Some might even see something of a connection to the Separation of Powers (political) doctrine as it has been applied within the very system of American governance as a whole here!: as the Legislature makes laws (the very "scripture" that becomes the basis of Revelation [it can be fairly argued that the mix of Public Opinion that is chewed upon by both houses of a State legislature or the Federal Congress is, in and of itself, largely nonrational]); the Executive enforces said laws (Reasonably, at least one hopes!); and the Judiciary applies these laws to cases and controversies that might (but, then again, might not!) come before the courts (enforcing "Tradition" through the [legal] doctrine of stare decisis ["to stand by that already decided"]-- that is: legal Precedent)...

of course, there is ever-lurking danger in taking such analogies (for that is merely what the above are-- always keeping in mind the adage within Logic that Analogy is Illustration, never Proof) too far, for someone could- just as well- see much the same connection with, say, the id, ego and superego of more than a century ago Sigmund Freud!]

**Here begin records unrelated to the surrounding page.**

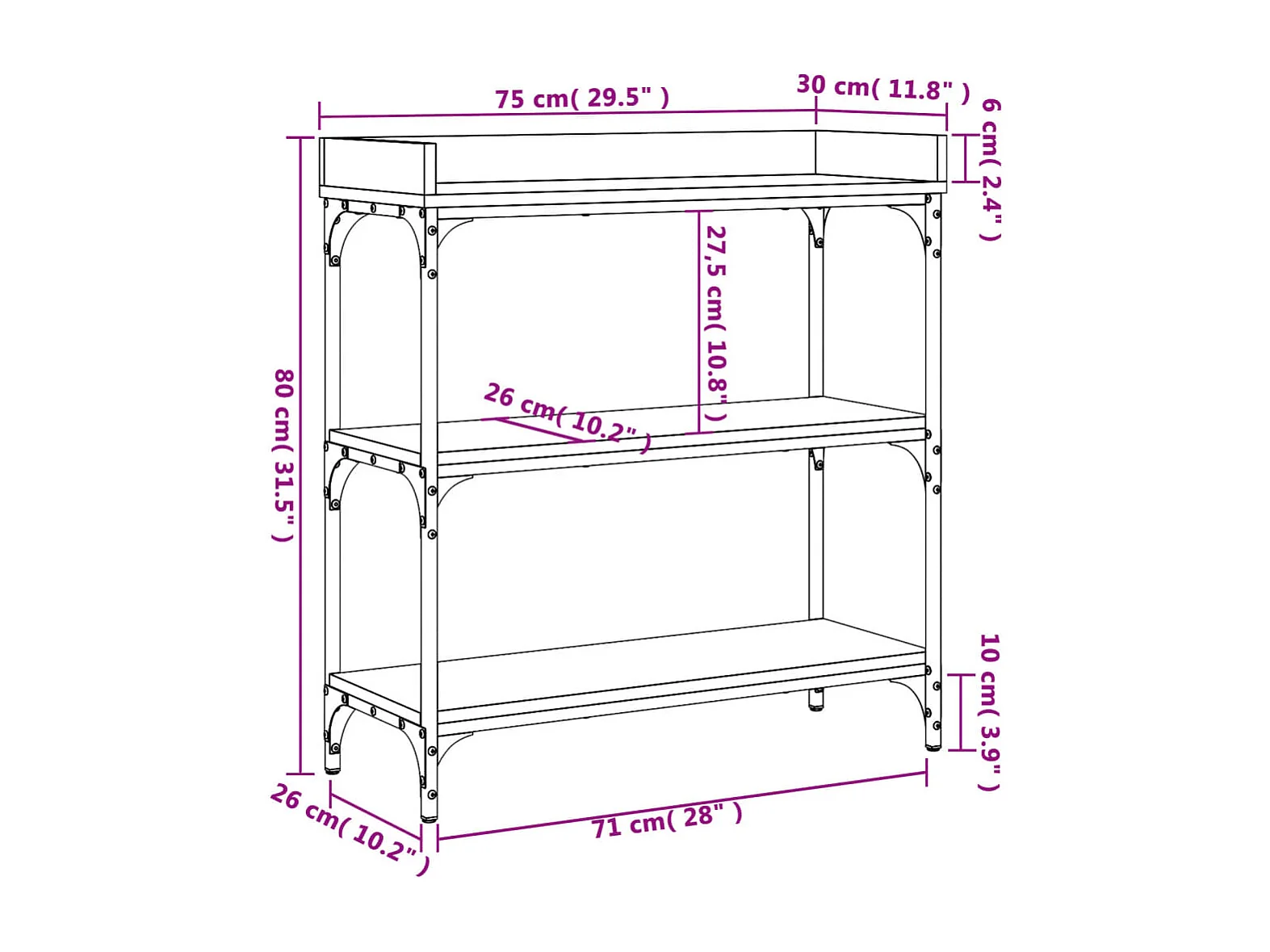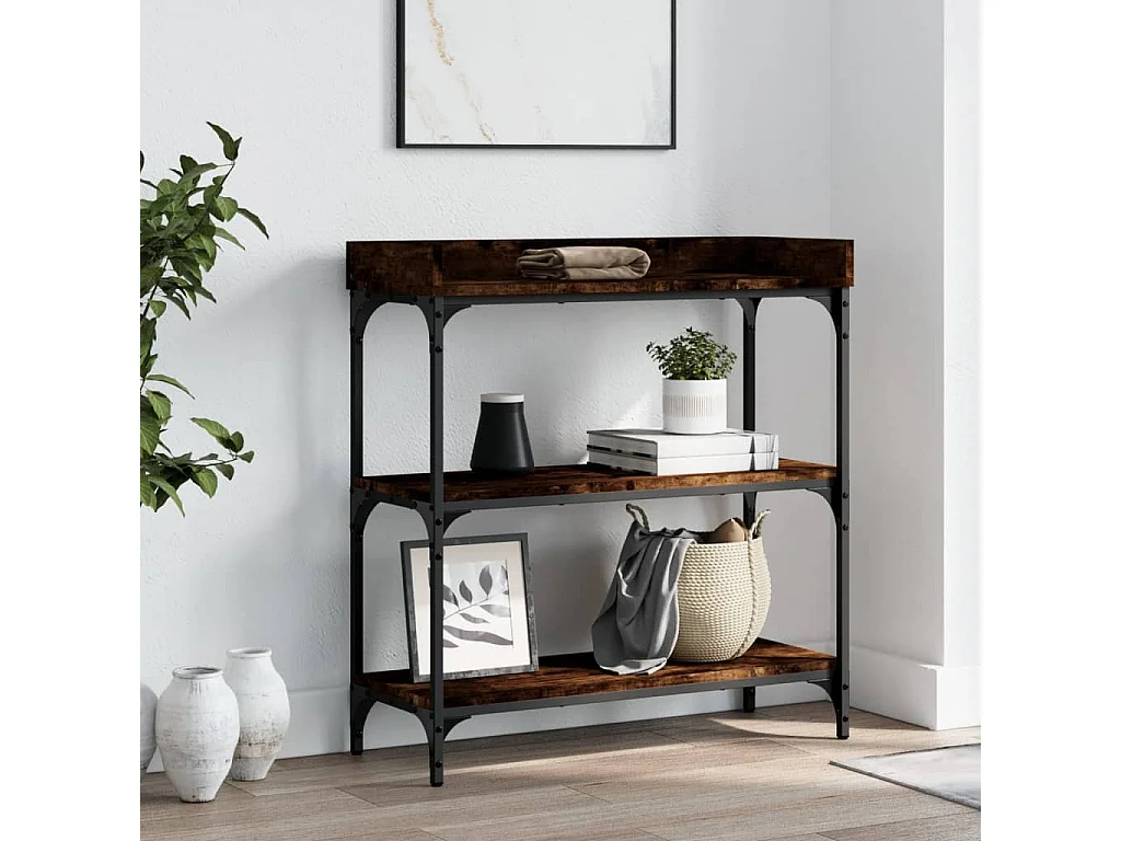Consolle con ripiani in rovere affumicato 75x30x80 cm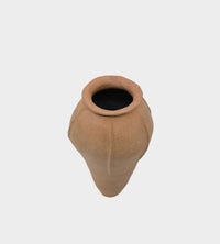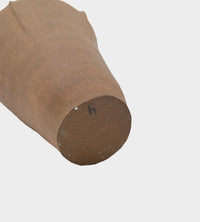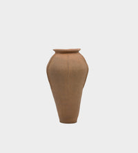 Handcrafted brown stoneware vessel features intricate ridge detailing that adds depth and texture to its organic form. The unglazed exterior emphasizes its earthy, tactile quality, while the contrast of a sleek black-glazed interior offers both functionality and aesthetic balance. Finished with a logo print at the base.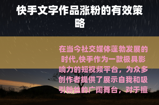 在当今社交媒体蓬勃发展的时代,快手作为一款极具影响力的短视频平台,为众多创作者提供了展示自我和吸引粉丝的广阔舞台,对于擅长文字创作的用户来说,如何通过快手文字作品实现涨粉,是一个值得深入探讨的话题。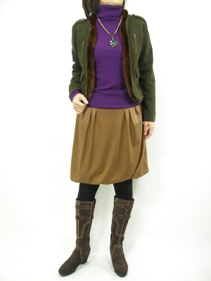 パープルとカーキの色合わせはさりげなくオシャレ上級者に見えるはず!スタイリッシュ度70%、フェミニン度30%。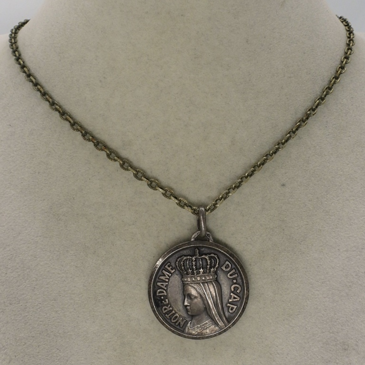 Notre Dame Du Cap sterling pendant, 1.5″ long. On a sterling 22″ chain. (13 dwt)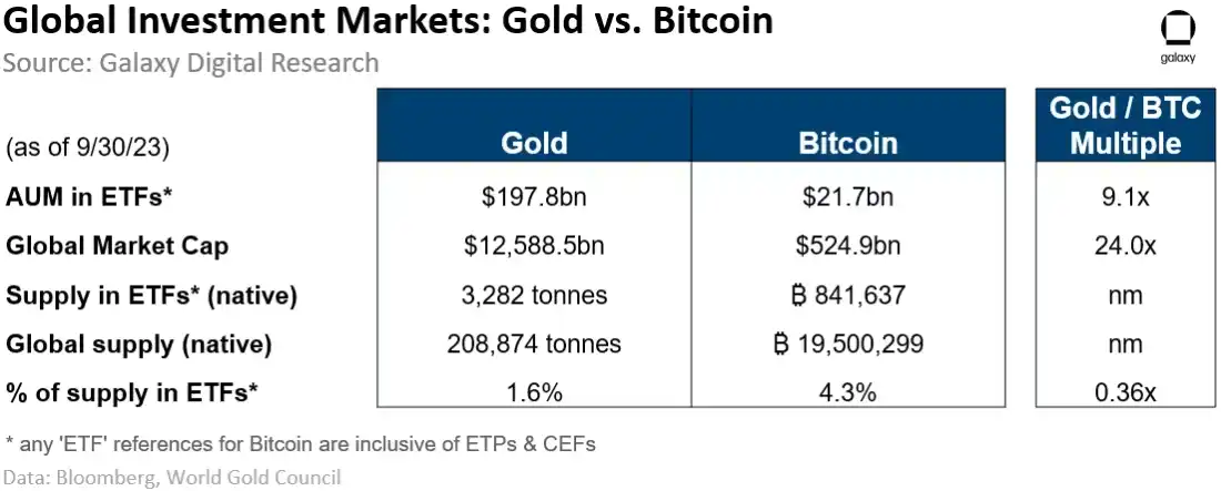 考虑到黄金市值大约是比特币的 24 倍,而持有投资工具的供应量比比特币少了 36%,我们可以假设相同数量的资金流入对比特币市场的影响大约是黄金市场的 8.8 倍。

Such counterpoise is as much a creative tension as it is a balance, for the danger is that one if these elements might well become dominant (or, at the very least, predominant) and, thereby, potentially change the society from a dynamic one to one that is the more static: all too much Reason would lead to a nightmare of Law as, perhaps, top-down bureaucratic pronouncements (many of those nowadays agitating on behalf of Revelation and/or Tradition even argue that this has already happened); all too much Revelation would take society well down the road of Theocracy (and both Reason and Tradition- in, say, the form of libertarian constitutionalism [which seeks to restore American Jurisprudence to the so-called "Ratifier Understanding" of circa 1791: the year the United States Constitution, including the additional Ten Amendments generally known as the 'Bill of Rights', was first fully in effect]- today seek to well trump that); all too much Tradition (and here I speak of that which even libertarian constitutionalists cannot well stomach) might well lead to a society of social (as opposed to malleable [through Upward Mobility] economic) class, where not even- Heaven forfend!- hard caste.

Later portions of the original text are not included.